Your task is to transcribe all of the records exactly and leave out the pictures.

— RECORDS —
########

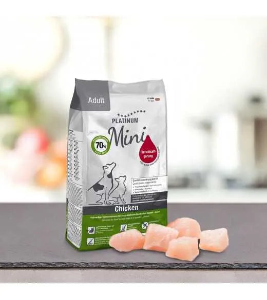 For 1 kilogram of finished Platinum Adult Chicken dog food, 1.27 kilograms of fresh chicken meat are used, and in the finished Platinum dog food, the fresh meat makes up 70% of the feed.
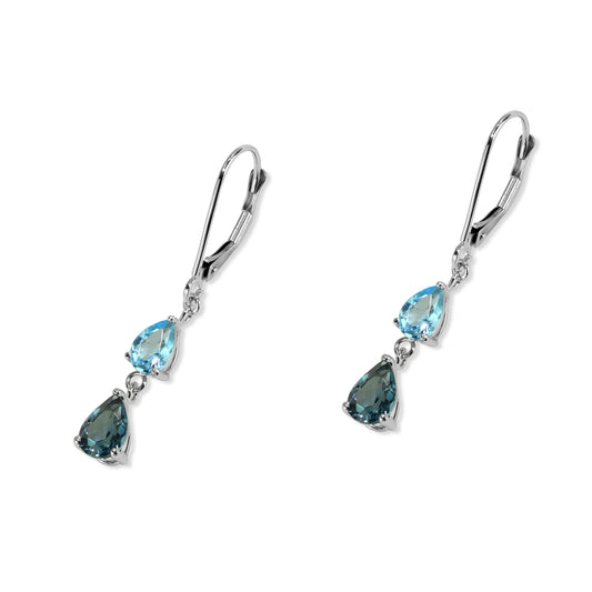 14k White Gold Swiss and London Blue Topaz Leverback Earring
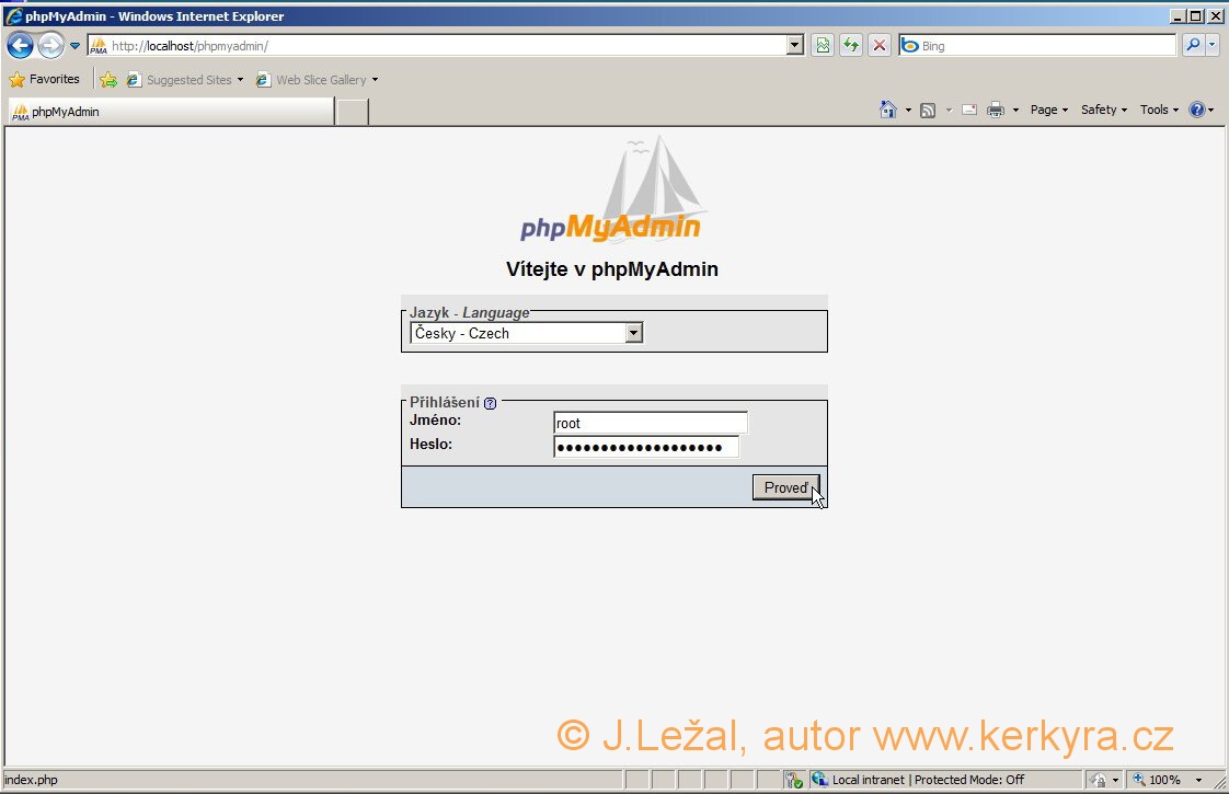 A přihlásíme se jako root s heslem které jsme zadali při vytváření MySQL databáze.
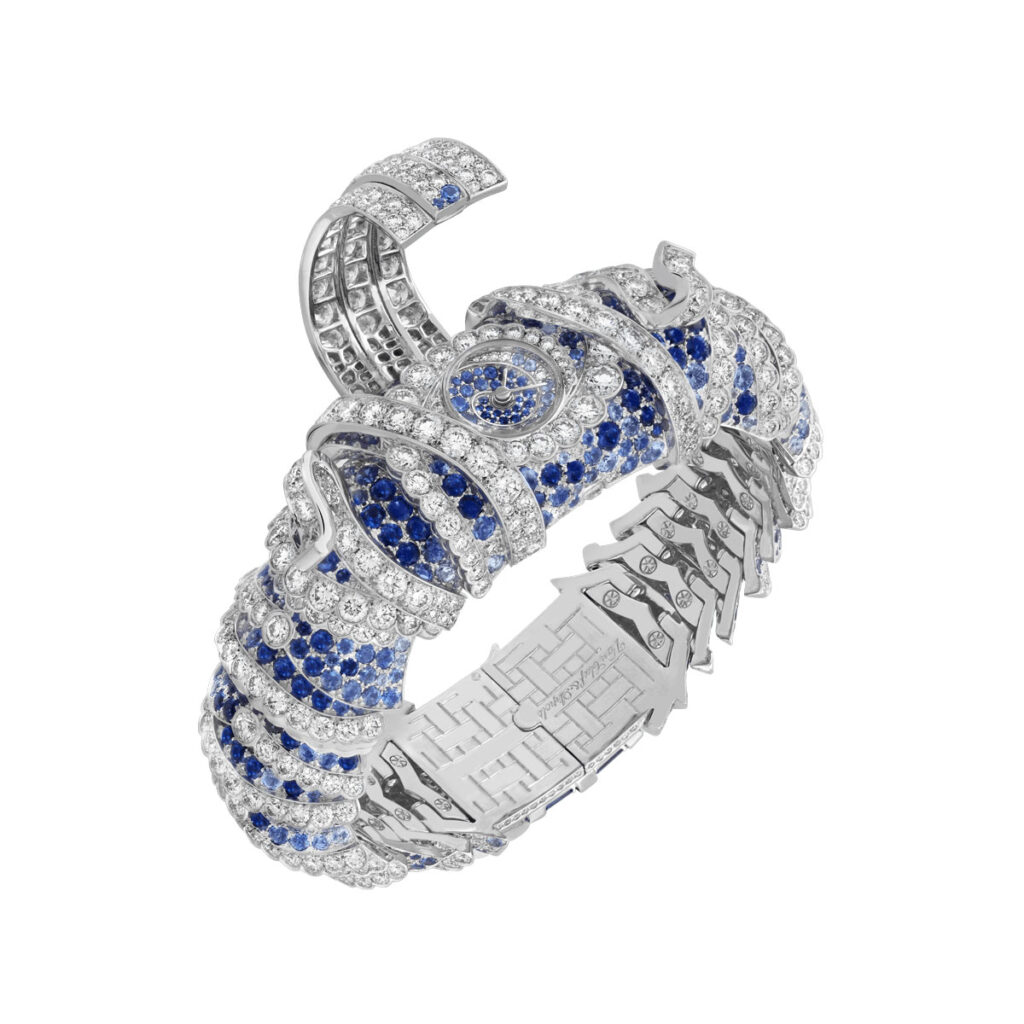 Van Cleef & ArpelsUlysse & Pénélope愛是穿插在梵克雅寶作品中永恆的主題。一件件精妙珠寶,仿佛也訴説著一段段動人的愛情故事。譬如Ulysse & Pénélope secret 腕錶,以古希臘史詩《奧德賽》(Odyssey)為靈感來源,讚頌佩涅洛佩(Penelope)對其丈夫,英雄尤利西斯(Ulysses)矢志不渝的忠貞。尤利西斯在海上漂泊的十年中,佩涅洛佩在白日紡織,又在夜間拆解織物,以此擺脫衆多追求者,同時等待丈夫歸來。白金、藍寶石、鑽石仿佛化作了佩涅洛佩的織物,繾綣纏繞於腕錶之上。隱藏於「緞帶」之下的錶盤上佈滿藍寶石組成漩渦造型,象徵尤利西斯漂泊的愛琴海上的波浪。寶石鍛造的織物造型、漸變色藍寶石的交叉排列,隱喻佩涅洛佩、尤利西斯情感的交織,浪漫且富有詩意。 |
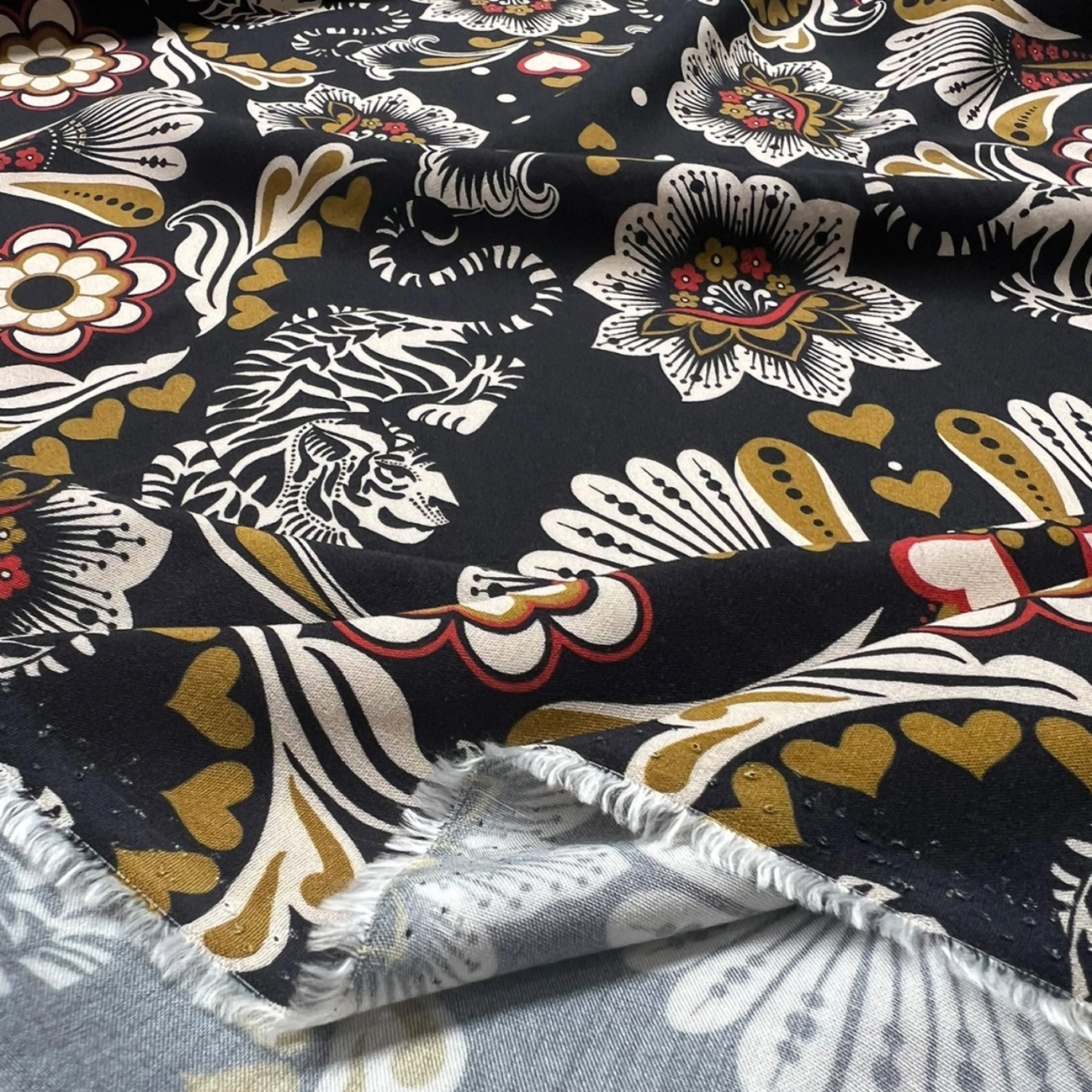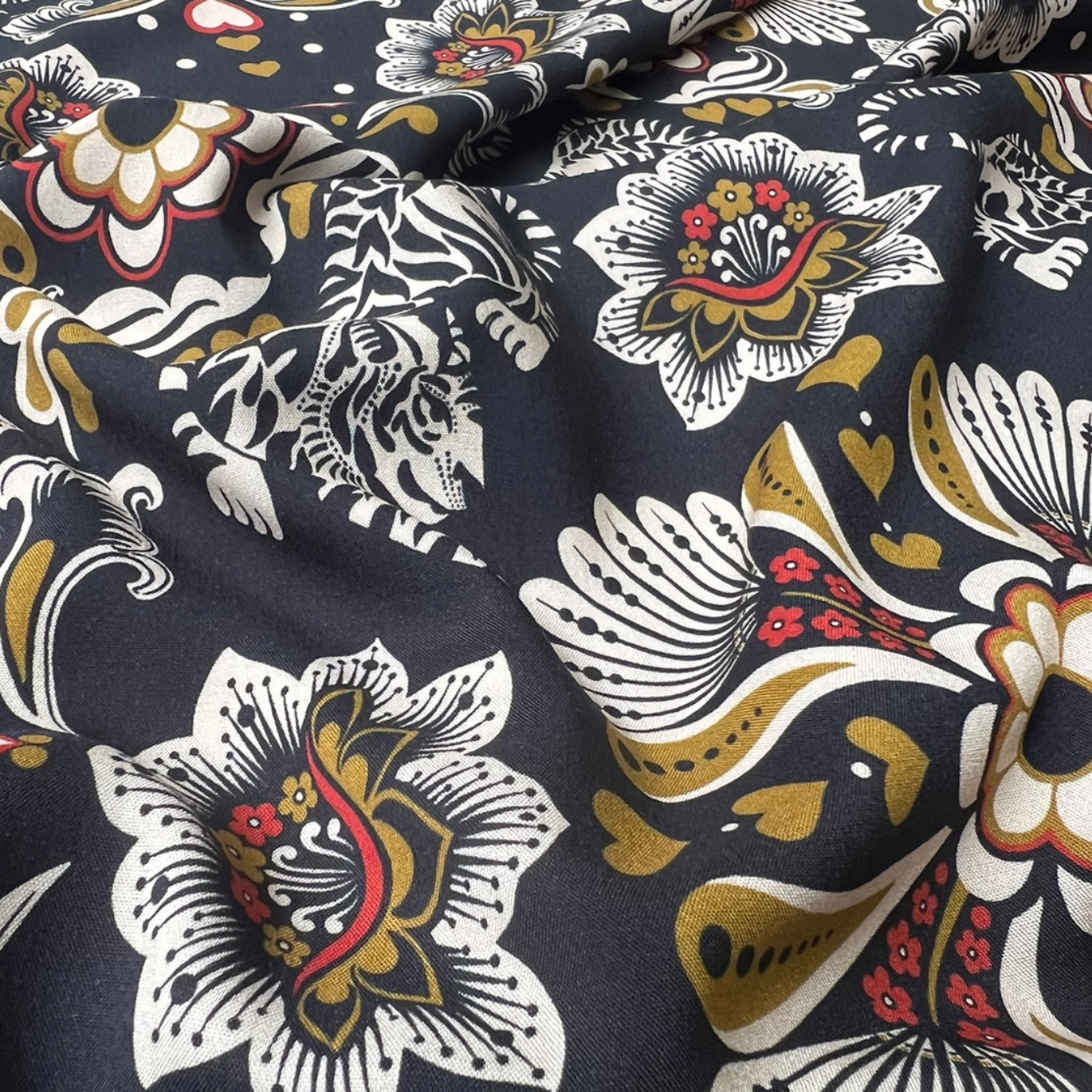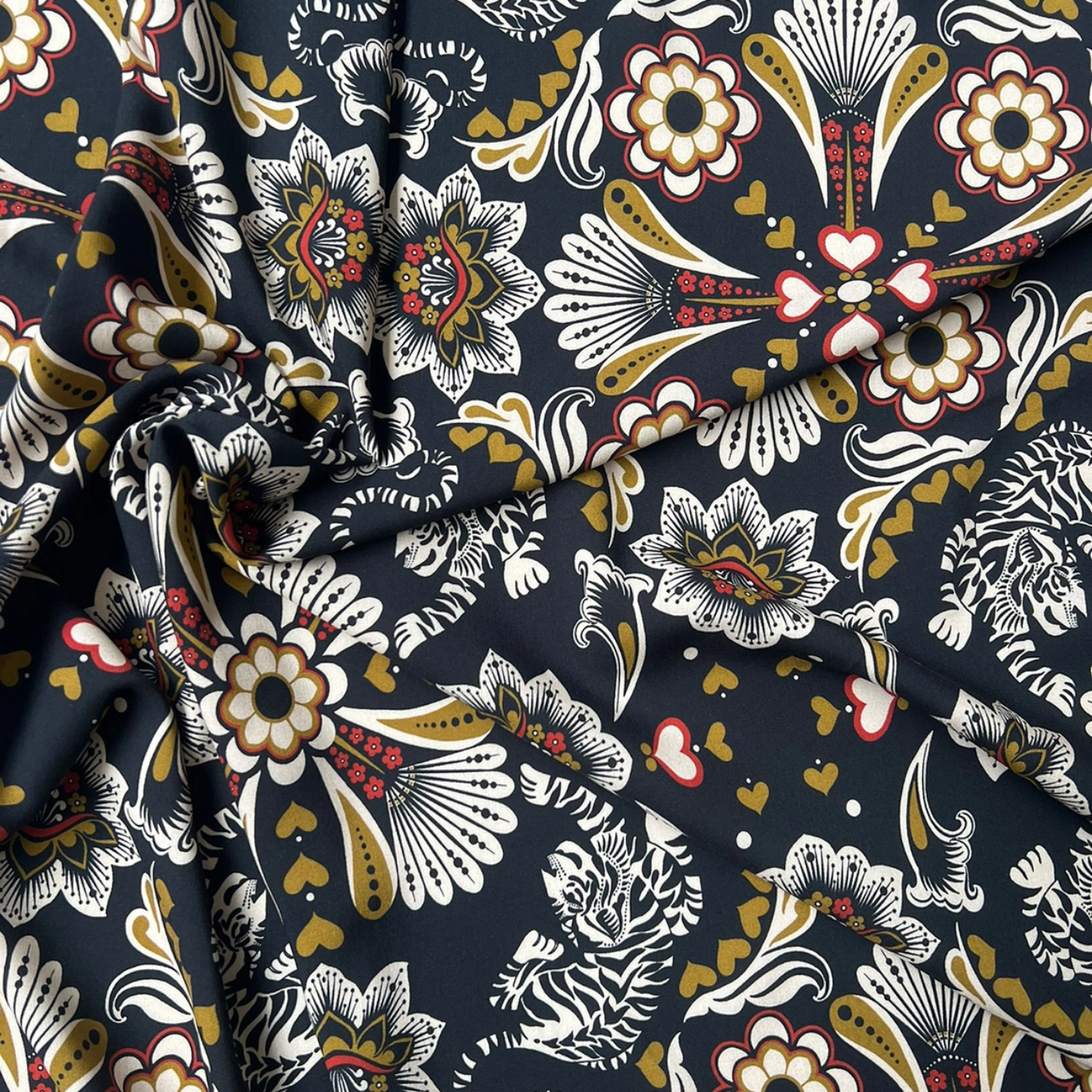 La viscose Tigre Sacré est imprimé d'un motif folk.
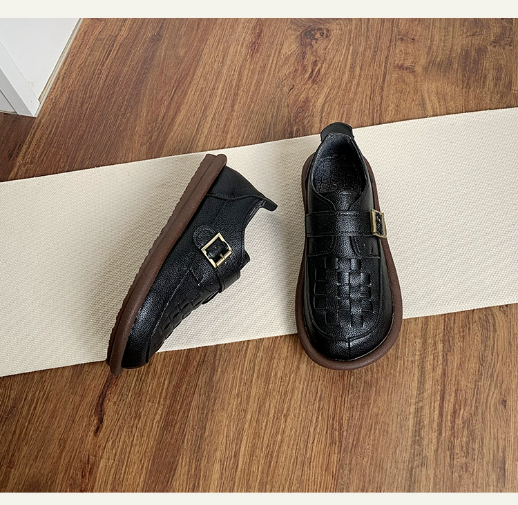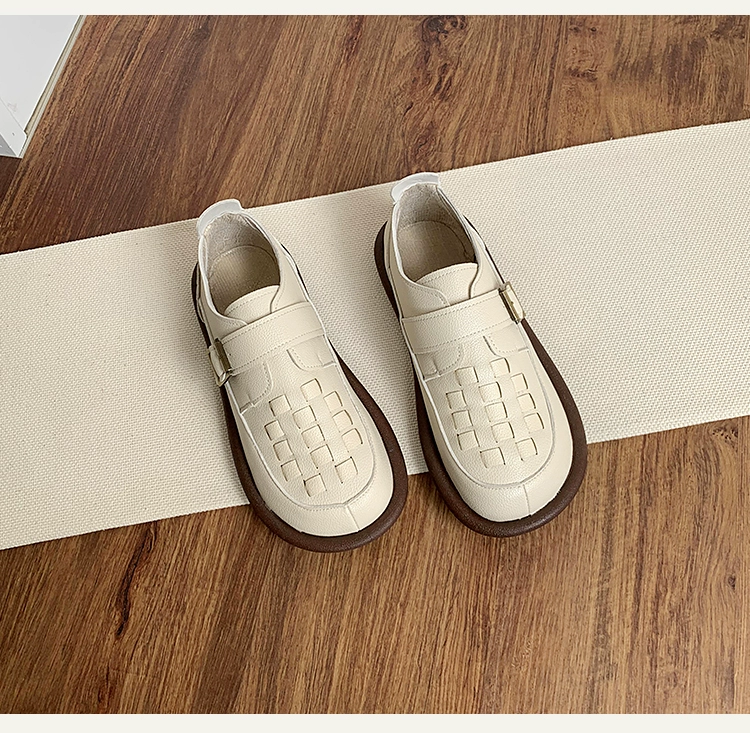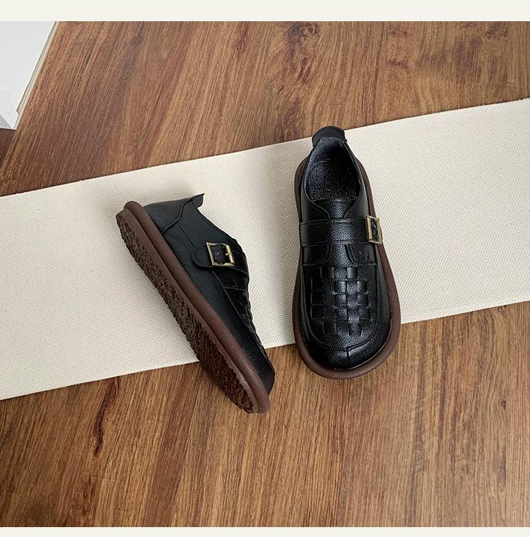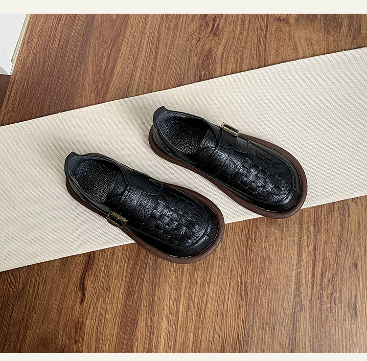 - Design Details: Round Toe, Belt Buckle, Woven Texture, Slip – On Closure, Deep Vamp, Flat Low Heel (1 – 3cm)
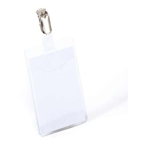 Transparent portrait hard PVC plastic name badges with a partial cover for quickly changing inserts. They feature a rotating clip fastener to keep the badge sitting vertically and a clip cut-out for combination with chains, badge reels and lanyards.
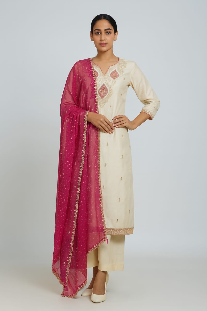 Exude grace in this elegant ivory kurta set, beautifully paired with a contrasting deep pink dupatta. The kurta features intricate thread and zari embroidery on the neckline and front panel, adding a refined festive touch. The subtle embellishments throughout the fabric elevate its charm, making it perfect for festive gatherings, formal lunches, or celebratory occasions.

########

— PROBLEM SOLUTION —
 For 1 kilogram of finished Platinum Adult Chicken dog food, 1.27 kilograms of fresh chicken meat are used, and in the finished Platinum dog food, the fresh meat makes up 70% of the feed.
 14k White Gold Swiss and London Blue Topaz Leverback Earring
 A přihlásíme se jako root s heslem které jsme zadali při vytváření MySQL databáze.
 Van Cleef & ArpelsUlysse & Pénélope愛是穿插在梵克雅寶作品中永恆的主題。一件件精妙珠寶,仿佛也訴説著一段段動人的愛情故事。譬如Ulysse & Pénélope secret 腕錶,以古希臘史詩《奧德賽》(Odyssey)為靈感來源,讚頌佩涅洛佩(Penelope)對其丈夫,英雄尤利西斯(Ulysses)矢志不渝的忠貞。尤利西斯在海上漂泊的十年中,佩涅洛佩在白日紡織,又在夜間拆解織物,以此擺脫衆多追求者,同時等待丈夫歸來。白金、藍寶石、鑽石仿佛化作了佩涅洛佩的織物,繾綣纏繞於腕錶之上。隱藏於「緞帶」之下的錶盤上佈滿藍寶石組成漩渦造型,象徵尤利西斯漂泊的愛琴海上的波浪。寶石鍛造的織物造型、漸變色藍寶石的交叉排列,隱喻佩涅洛佩、尤利西斯情感的交織,浪漫且富有詩意。 |
 La viscose Tigre Sacré est imprimé d'un motif folk.
 - Design Details: Round Toe, Belt Buckle, Woven Texture, Slip – On Closure, Deep Vamp, Flat Low Heel (1 – 3cm)
 Transparent portrait hard PVC plastic name badges with a partial cover for quickly changing inserts. They feature a rotating clip fastener to keep the badge sitting vertically and a clip cut-out for combination with chains, badge reels and lanyards.
 Exude grace in this elegant ivory kurta set, beautifully paired with a contrasting deep pink dupatta. The kurta features intricate thread and zari embroidery on the neckline and front panel, adding a refined festive touch. The subtle embellishments throughout the fabric elevate its charm, making it perfect for festive gatherings, formal lunches, or celebratory occasions.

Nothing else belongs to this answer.